- _WHAT THIS TASK INVOLVES_: For the material below, reproduce exactly each line from the one that has "Guy standing on" through the one that has "Etapa 3.Selecione o", and no others; pictures stay out.

- _GIVEN DATA_:
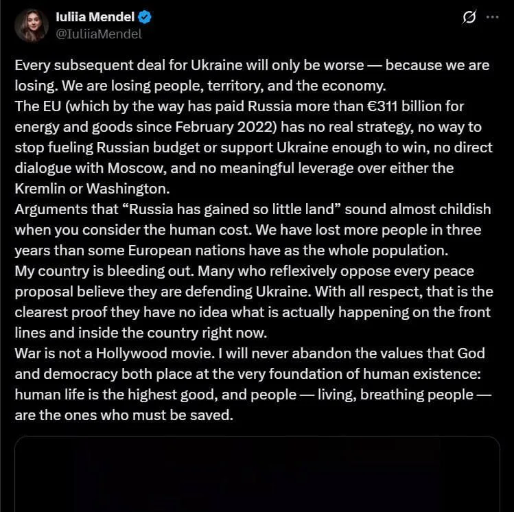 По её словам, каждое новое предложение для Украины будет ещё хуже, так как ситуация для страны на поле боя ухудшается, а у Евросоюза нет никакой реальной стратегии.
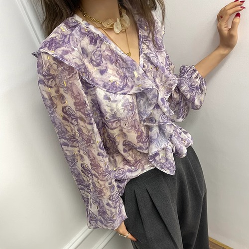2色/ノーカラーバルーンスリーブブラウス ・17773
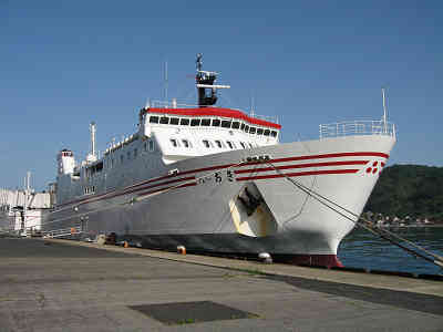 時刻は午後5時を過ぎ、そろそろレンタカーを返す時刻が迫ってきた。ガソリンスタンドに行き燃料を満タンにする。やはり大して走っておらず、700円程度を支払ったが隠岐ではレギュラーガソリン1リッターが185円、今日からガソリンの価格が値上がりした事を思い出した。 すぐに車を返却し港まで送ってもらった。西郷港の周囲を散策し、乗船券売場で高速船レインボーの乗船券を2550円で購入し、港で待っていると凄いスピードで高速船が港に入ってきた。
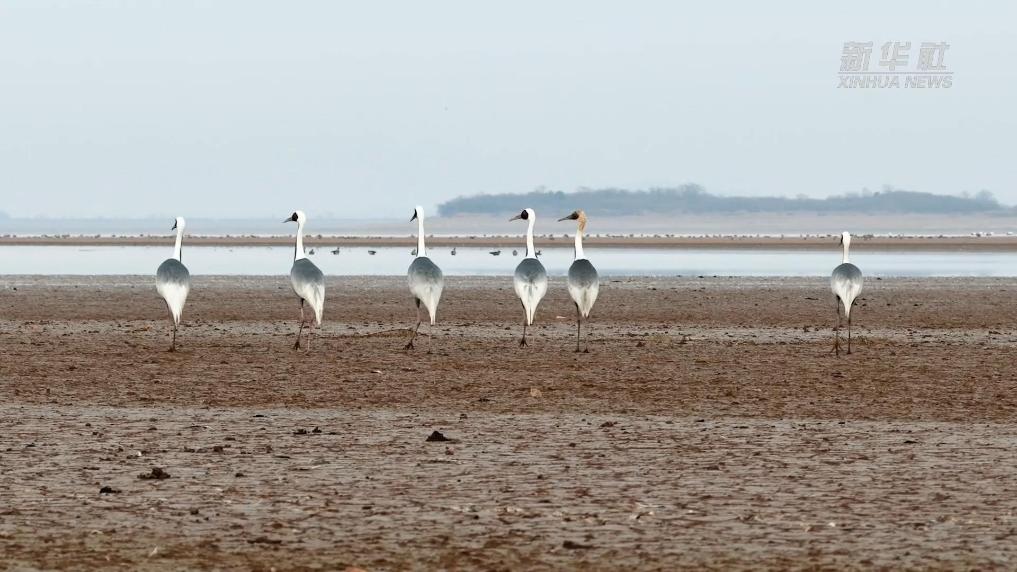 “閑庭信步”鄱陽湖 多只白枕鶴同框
--
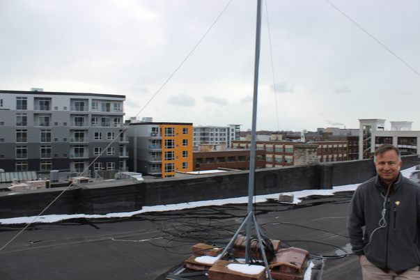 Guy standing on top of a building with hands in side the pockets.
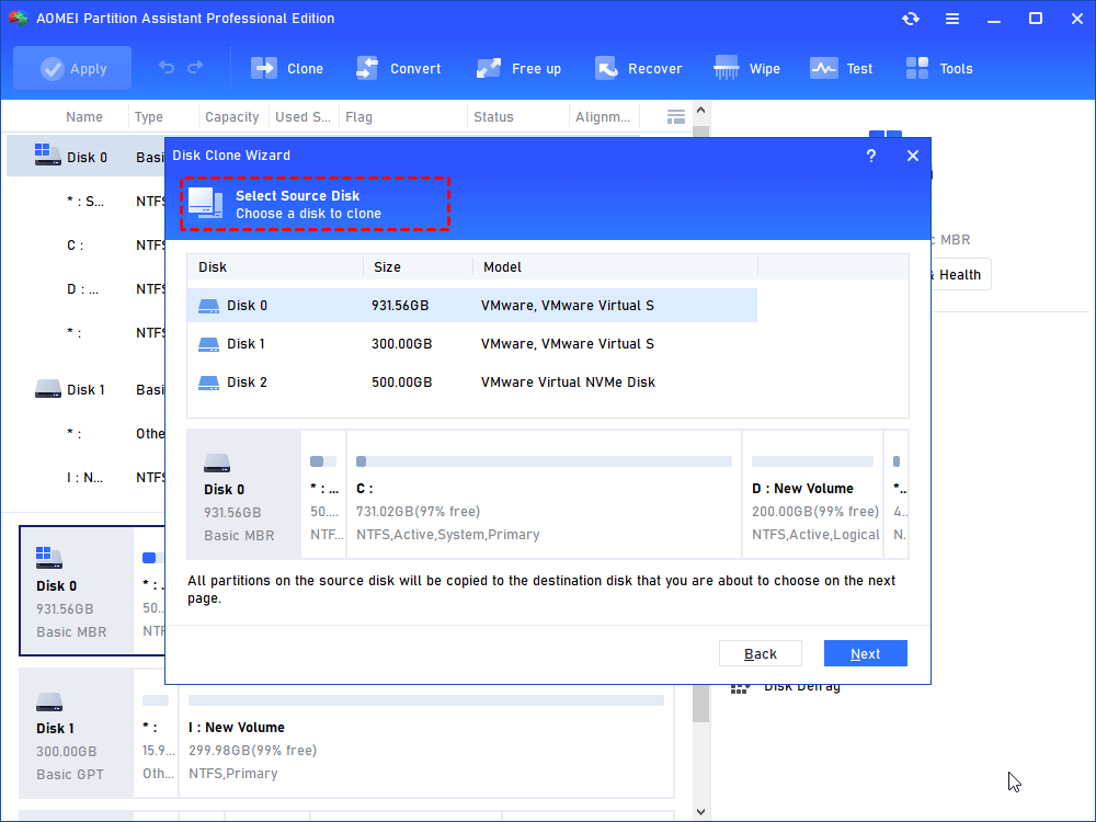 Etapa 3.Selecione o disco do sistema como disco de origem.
---
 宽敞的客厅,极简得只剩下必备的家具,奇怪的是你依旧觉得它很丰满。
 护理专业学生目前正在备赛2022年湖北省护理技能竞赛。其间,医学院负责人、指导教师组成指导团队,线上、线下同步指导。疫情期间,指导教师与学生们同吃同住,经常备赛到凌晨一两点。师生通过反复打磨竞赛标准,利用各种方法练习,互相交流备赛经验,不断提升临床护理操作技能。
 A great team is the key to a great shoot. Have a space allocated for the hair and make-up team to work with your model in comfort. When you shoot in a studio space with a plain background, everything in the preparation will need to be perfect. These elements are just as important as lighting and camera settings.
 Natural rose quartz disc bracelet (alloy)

- _TASK RESPONSE_:
 Guy standing on top of a building with hands in side the pockets.
 Etapa 3.Selecione o disco do sistema como disco de origem.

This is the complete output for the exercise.